Hola. Acabo de ver el siguiente artículo http://www.wwf.es/noticias/sala_de_p...?uNewsID=14080 , que creo puede ser de interés general. En dicha pag hay un PDF con el listado de las "presas en demolición".

----------


## riodelolvido

Bueno, si el motivo por el que se crearon ha desaparecido, puede plantearse. Ahora bien, es necesario hacer un estudio mediambiental serio e independiente, porque en la mayoría de los casos los embalses han creado un ecosistema muy rico, más que con el cauce "liberado"

----------


## jasg555

Hombre, esas de presas, las de Cuenca las conozco, y no tienen ahora función ninguna, pero impiden la migración de las poblaciones autóctonas para frezar.
Lo cual es una razón suficiente (sumado a su inutilidad actual)para su demolición.
La del afluente del Ibor es un caso clarísimo. El río viejas, aporta al Ibor una cantidad importantísima de agua, y la presa evita el remonte del barbo para la freza. La boga queda ya de manera testimonial debido a los depredadores alóctonos y a la contaminación. Pero la demolición de la presa contribuiría bastante a su recuperación.
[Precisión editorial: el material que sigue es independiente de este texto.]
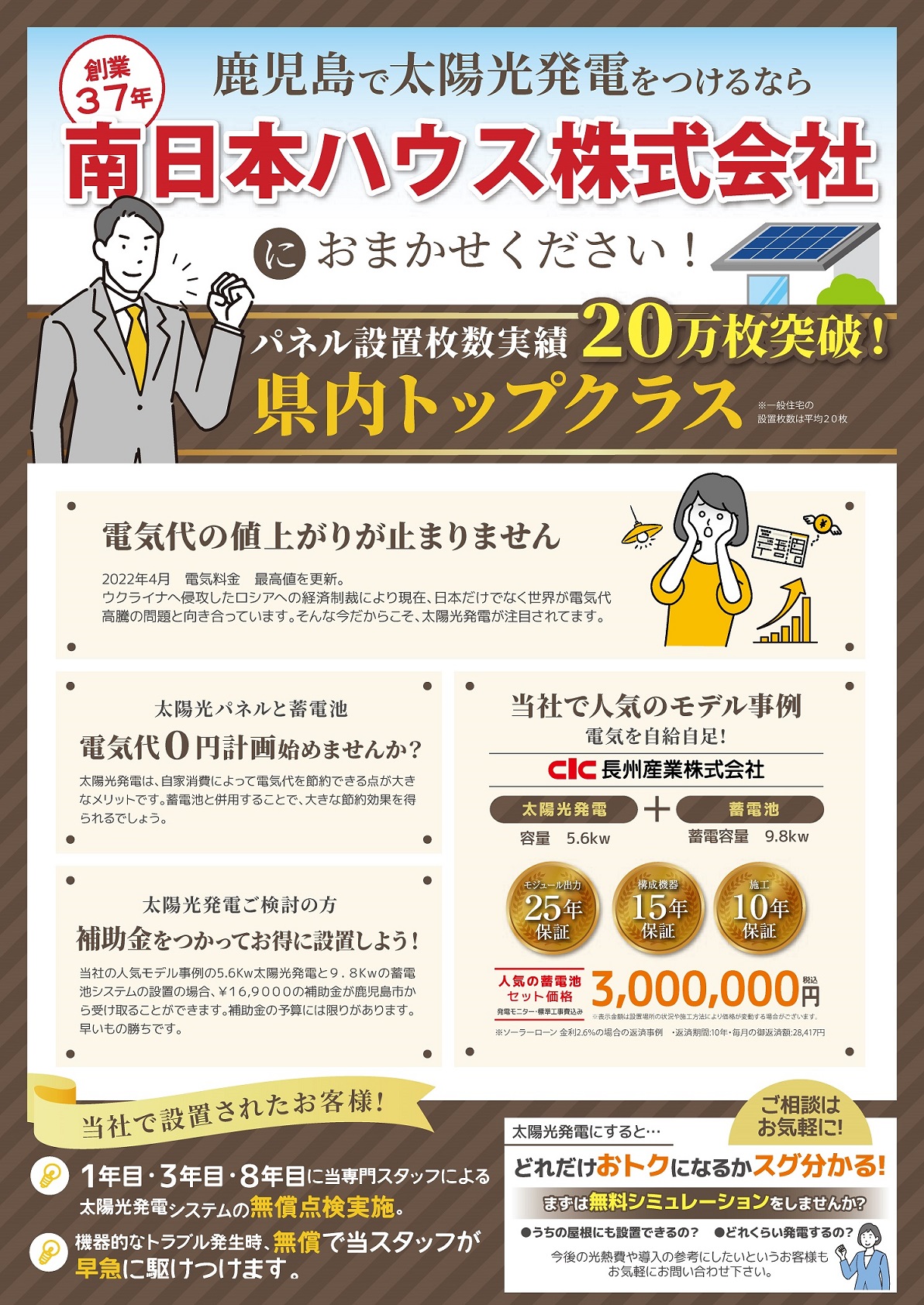 鹿児島で太陽光発電をつけるなら、創業37年、鹿児島市内で3店舗展開中の南日本ハウスにおまかせください

No hay que olvidar que el Ibor es uno de los ríos afluente del Tajo sin regulación. No me gusta nombrarlo mucho por si lo gafo. Pero desde el punto de vista ambiental se debería de proteger como la catedral de Burgos si fuera un monumento.

----------


## Salut

A mi me preocupa la posible pérdida de patrimonio hidráulico, como sería el caso de la presa que quieren demoler en el Río Mundo (si es la que creo que es).

Vamos, hay que pensar en un equilibrio entre el respeto al medio ambiente y el respeto a nuestra historia.

La mayoría de las represas tendran escaso o nulo valor histórico-artístico. No obstante, hay casos muy especiales que se tienen que preservar -siempre que el impacto ambiental no sea crítico-.

----------


## Salut

Ha salido la noticia en el Telediario:

http://www.rtve.es/mediateca/videos/...o/718924.shtml

----------